程咬金打量皇帝臉色,而後君臣兩人默契一笑,正色而道:“俗話說清官難斷家務事,臣本李斯文長輩,又自認不是什麽好人,于情于理都不該在這時爲他辯解。”
“但縱觀李斯文平生所爲,的确,他有時行事魯莽,不拘小節,然,其忠勇可嘉,憂國憂民,對陛下和皇後更是忠心耿耿,任憑驅使絕無怨言。”
“昔日,他能舍下性命救太子,盡顯少年俠義豪情;逢蒙仙人厚愛,學得一身本事後,又在諸多事務上爲陛下分憂。”
“臨危受命,隻身前往大疫之地,成功解數萬難民于倒懸;其後又不忍見天下人受饑寒之苦,獻上煤炭之法護得萬民溫飽。”

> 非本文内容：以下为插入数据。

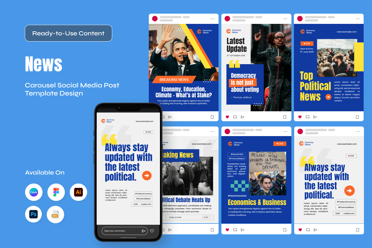 Perfect for journalists, online magazines, and broadcasters who want to deliver updates with professional speed and credibility. The clean and structured layout allows headlines, quotes, and data visuals to stand out clearly, making your content scroll-stopping and authoritative.
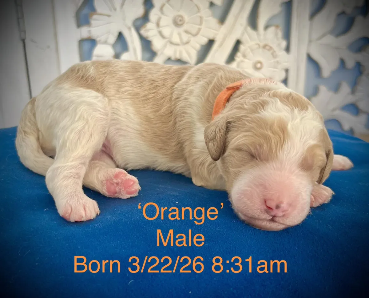 Color: Parti- Creamy White with Apricot/Tan Patches

“爲民請命,拔除魚肉鄉裏的豪紳;收攏難民,自掏腰包,給予他們容身安家之所,就連長安治下二十二縣,如今正火熱朝天的修路大事,也是此子在出謀劃策。”
“樁樁實打實的政績下來,此子何等忠良,天地共鑒!如此忠臣,又爲何會做出刺殺皇後這等大逆之事,自斷錦繡前程?”
“依臣之見,封倫此舉,分明是受背後勢力指使,意在打壓異己,擴充其黨羽之勢!”
當聽到程咬金将李斯文的樁樁偉迹一一道來,封倫暗道一聲不妙,昨夜李道彥這狗東西可沒說過,今天要打壓的是個這麽玩意?
他不是年僅十五,是整個長安出了名的纨绔子弟麽,怎麽會是如此能臣?
瞅着兄弟罵的這麽痛快,秦瓊長歎一聲,也不願再忍下去,起身與程咬金并肩而戰,其聲郎朗:
“今有奸佞之徒,心懷叵測,妄圖借皇後遇刺之事,誣陷忠良,擾亂朝綱。”
“中書令封倫,年事雖高,卻爲私利所蔽,不察真相,不明是非,便聯合群臣,倉促上書請緝拿藍田公李斯文。”
“聽其言無根無據,僅以疑似之迹、片面之詞,便欲置朝中賢良于死地。此等行徑,看似大義,實則借公濟私,欲陷我朝于不義,亂我大唐之根基!”
罵得好啊,李斯文就算再怎麽混賬,畢竟也是徐家唯一的獨苗,朝廷敕封的功勳,尤其是你們這些亂臣賊子能栽贓陷害的!
魏征憋了一清早的暴脾氣,再也不慣着封倫,在朝上風向轉變的下一瞬,赫然起身,接過秦瓊的話茬,捋須悠悠而道:
“啓禀陛下,以臣之見,兩位國公心中憂患不無道理,今日一事,可見朝堂上如封倫之流的奸臣惡黨絕非少數。”
“這些人多年來結黨營私,不斷排除異己,蒙蔽聖聽,緻使無數忠良之士吞聲忍氣,無法施展心中抱負,民間疾苦不得上達天聽。”
“長此以往,唯恐國将不國,天下危矣!”
“臣懇請陛下施展霹靂手段,清理朝中奸臣,詳查封倫等人背後勢力,将攪動是非者一網打盡,以還朝堂以清明。”
“當然,陛下也應廣開言路,傾聽忠良之谏,讓真正爲國爲民之人得以施展才華,輔佐陛下成就盛世偉業!”